Reproduce exactly the lines of this material that begin at the line with "Meanwhile, the president" and end at the line with "দিলোয়ার হোসাইনঃ বানিয়াচং", both included. Omit the pictures and everything else.

━━━ Data for analysis

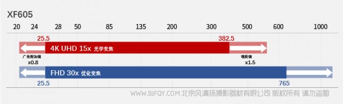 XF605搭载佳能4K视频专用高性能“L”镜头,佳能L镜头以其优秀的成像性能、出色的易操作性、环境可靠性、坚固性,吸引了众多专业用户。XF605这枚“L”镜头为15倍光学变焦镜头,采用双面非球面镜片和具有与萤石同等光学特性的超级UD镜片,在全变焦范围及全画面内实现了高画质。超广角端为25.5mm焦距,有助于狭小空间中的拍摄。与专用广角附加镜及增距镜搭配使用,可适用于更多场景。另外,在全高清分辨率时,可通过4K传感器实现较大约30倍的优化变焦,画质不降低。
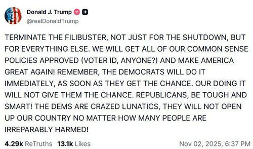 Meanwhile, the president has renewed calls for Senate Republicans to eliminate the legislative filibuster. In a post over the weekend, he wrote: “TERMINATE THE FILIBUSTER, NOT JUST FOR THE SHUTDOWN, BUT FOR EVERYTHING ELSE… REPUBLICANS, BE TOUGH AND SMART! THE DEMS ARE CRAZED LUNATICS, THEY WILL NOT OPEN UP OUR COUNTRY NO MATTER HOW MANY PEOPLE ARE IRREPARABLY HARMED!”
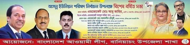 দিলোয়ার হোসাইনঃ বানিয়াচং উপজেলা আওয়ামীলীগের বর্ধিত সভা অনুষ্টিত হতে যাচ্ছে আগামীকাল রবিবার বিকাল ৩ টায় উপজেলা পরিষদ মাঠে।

━━━━━━
━━━ Data for analysis

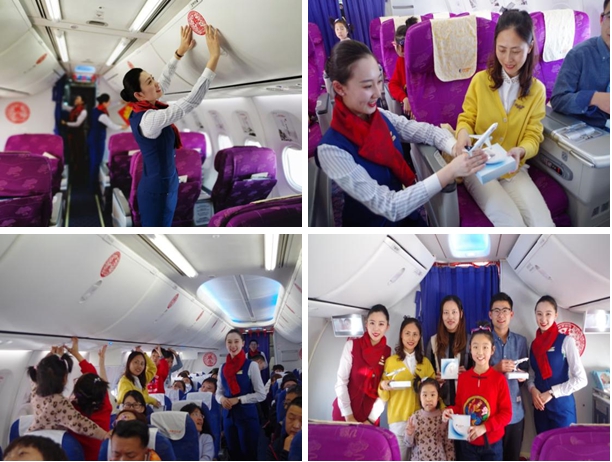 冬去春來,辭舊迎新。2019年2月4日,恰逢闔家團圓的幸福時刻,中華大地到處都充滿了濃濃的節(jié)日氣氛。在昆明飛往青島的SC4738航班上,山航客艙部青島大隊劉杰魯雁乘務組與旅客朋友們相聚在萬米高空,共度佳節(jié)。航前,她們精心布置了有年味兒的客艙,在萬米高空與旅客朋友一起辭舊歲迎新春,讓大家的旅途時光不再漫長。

━━━━━━
━━━ Data for analysis

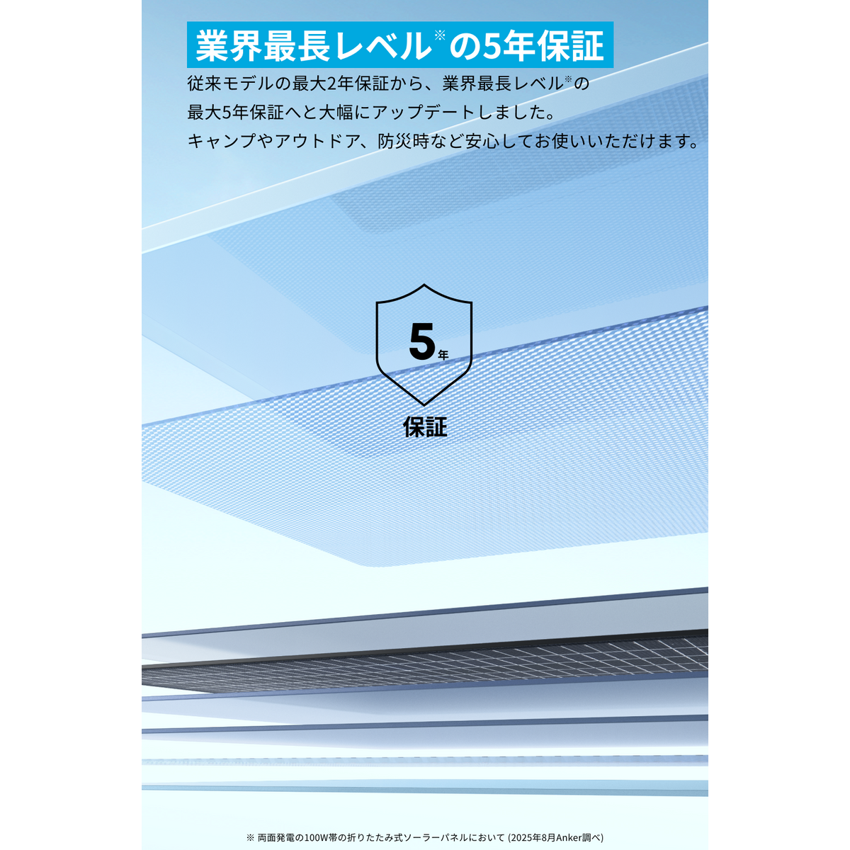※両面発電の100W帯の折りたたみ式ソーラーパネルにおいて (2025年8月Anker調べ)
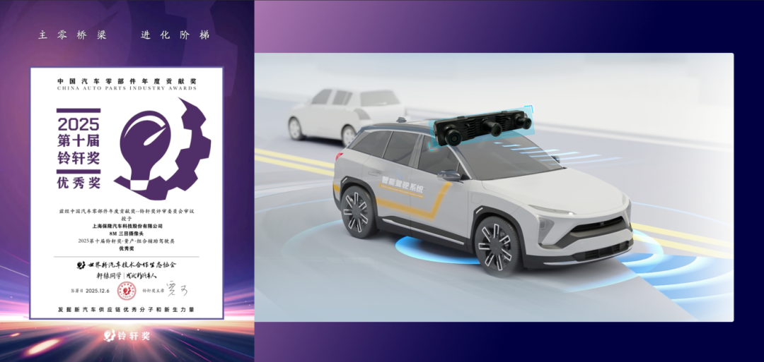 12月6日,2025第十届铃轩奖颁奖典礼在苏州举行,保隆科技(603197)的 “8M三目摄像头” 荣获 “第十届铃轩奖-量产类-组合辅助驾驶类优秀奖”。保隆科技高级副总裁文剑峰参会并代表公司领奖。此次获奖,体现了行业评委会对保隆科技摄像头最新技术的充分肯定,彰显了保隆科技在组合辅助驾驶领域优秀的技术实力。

━━━━━━

• **Task response**
 Meanwhile, the president has renewed calls for Senate Republicans to eliminate the legislative filibuster. In a post over the weekend, he wrote: “TERMINATE THE FILIBUSTER, NOT JUST FOR THE SHUTDOWN, BUT FOR EVERYTHING ELSE… REPUBLICANS, BE TOUGH AND SMART! THE DEMS ARE CRAZED LUNATICS, THEY WILL NOT OPEN UP OUR COUNTRY NO MATTER HOW MANY PEOPLE ARE IRREPARABLY HARMED!”
 দিলোয়ার হোসাইনঃ বানিয়াচং উপজেলা আওয়ামীলীগের বর্ধিত সভা অনুষ্টিত হতে যাচ্ছে আগামীকাল রবিবার বিকাল ৩ টায় উপজেলা পরিষদ মাঠে।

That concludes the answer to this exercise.